The idea is to use the workspace on the bottom to determine whether or not the argument is valid. The crucial point to keep in mind here is that in a valid argument, it is impossible for the premises all to be true while the conclusion is false. Alternately put, if it is possible for the premises all to be true with the conclusion false, then we know that the argument is invalid. So what we are trying to do in the bottom workspace is to create an assignment of truth values to the atomic components of the arguments that makes the premises true and the conclusion false. If we can do this, then the argument is invalid. If we can’t, the

argument is valid. It is crucial to keep this mind at all times, or you can forget what you are trying to do in the workspace. Look at the argument: (~P ⊃ ~C) P ∴C So, what we are trying to determine is whether or not it is possible for the premises to be true and the conclusion false. So, let’s assume this is so. That is, we assume that (~P ⊃ ~C), and P are true and that C is false, i.e., that P=1 and C=0. (Our goal will be to see if the first premise, (~P ⊃ ~C), comes out true on this assignment.) Let’s plug those values in on the bottom. Hit the tab key (or click inside the box) to enter the workspace. What I do at this point is simply replace all the instances of the atomic components with the truth values that we get by assuming the premises are true and the conclusion false. That is, in this case, I replace all instances of “P” with “1” and all instances of “C” with “0.” I begin by highlighting (“selecting”) an occurrence, say, of “P.” Thus:

And then I type in “1” in its place. Thus:

Then I do the same for “C.” (Remember, since I am assuming that the conclusion, C, is false, I will enter “0” for each occurrence of “C.” Thus:

Now, I can continue the process in the attempt to see if the first premise comes out true. (Remember, if it does, then I have found an assignment of truth values that makes the premises true and the conclusion false.

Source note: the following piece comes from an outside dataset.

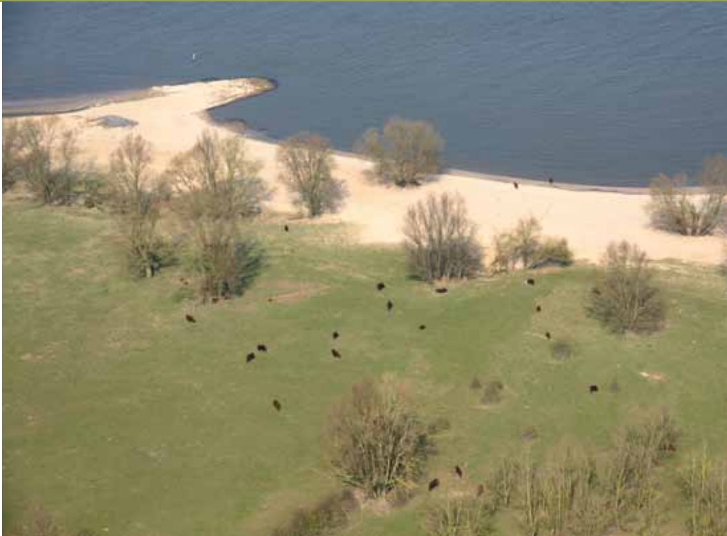
Millingerwaard. Het avontuur van de natuur in de directe nabijheid van eeuwenoude steden, heiligdommen en cultuurlandschappen. Dat hebben ze in de VS niet.

elders in Europa, waar handhaving een stuk minder ontwikkeld is en stroperspraktijken aan de orde van de dag zijn.
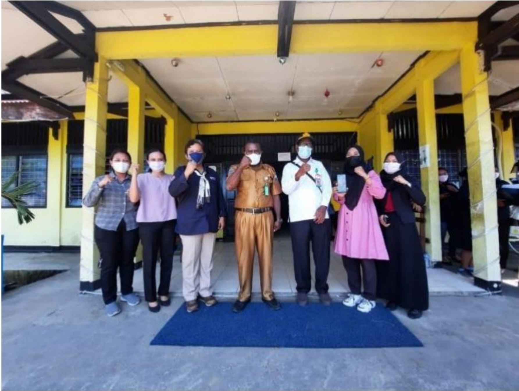
Foto bersama dengan Kadis Kab. Manokwari

So, if the first premise is true on this assignment, the argument is invalid.) Again, I highlight “~1” and replace it with “0,” and highlight “~0” and replace it with “1.” This gives me:

So, we know that on this assignment of truth values to the atomic components of the argument, the first premise is a conditional with a false antecedent and a true consequent. But we know that a conditional with a false antecedent and a true consequent is true, so this assignment of truth values to the atomic components of this argument makes all the premises true, and the conclusion false. So, this argument is invalid. I then select “Invalid,” on top, and get confirmation that my answer is correct:

I think this is a very helpful exercise simply because it is so easy to get confused along the way and forget what I am trying to show. (I made many mistakes the first time around in doing these exercises. You probably will too.) But the whole point is that if I can find an assignment of truth values to the atomic components that makes the premises true and the conclusion false, then I know the argument is invalid. (It is valid otherwise.) So, we are simply assuming the argument is invalid, and seeing if there is a possible truth value assignment that does this. Try some. They require thinking!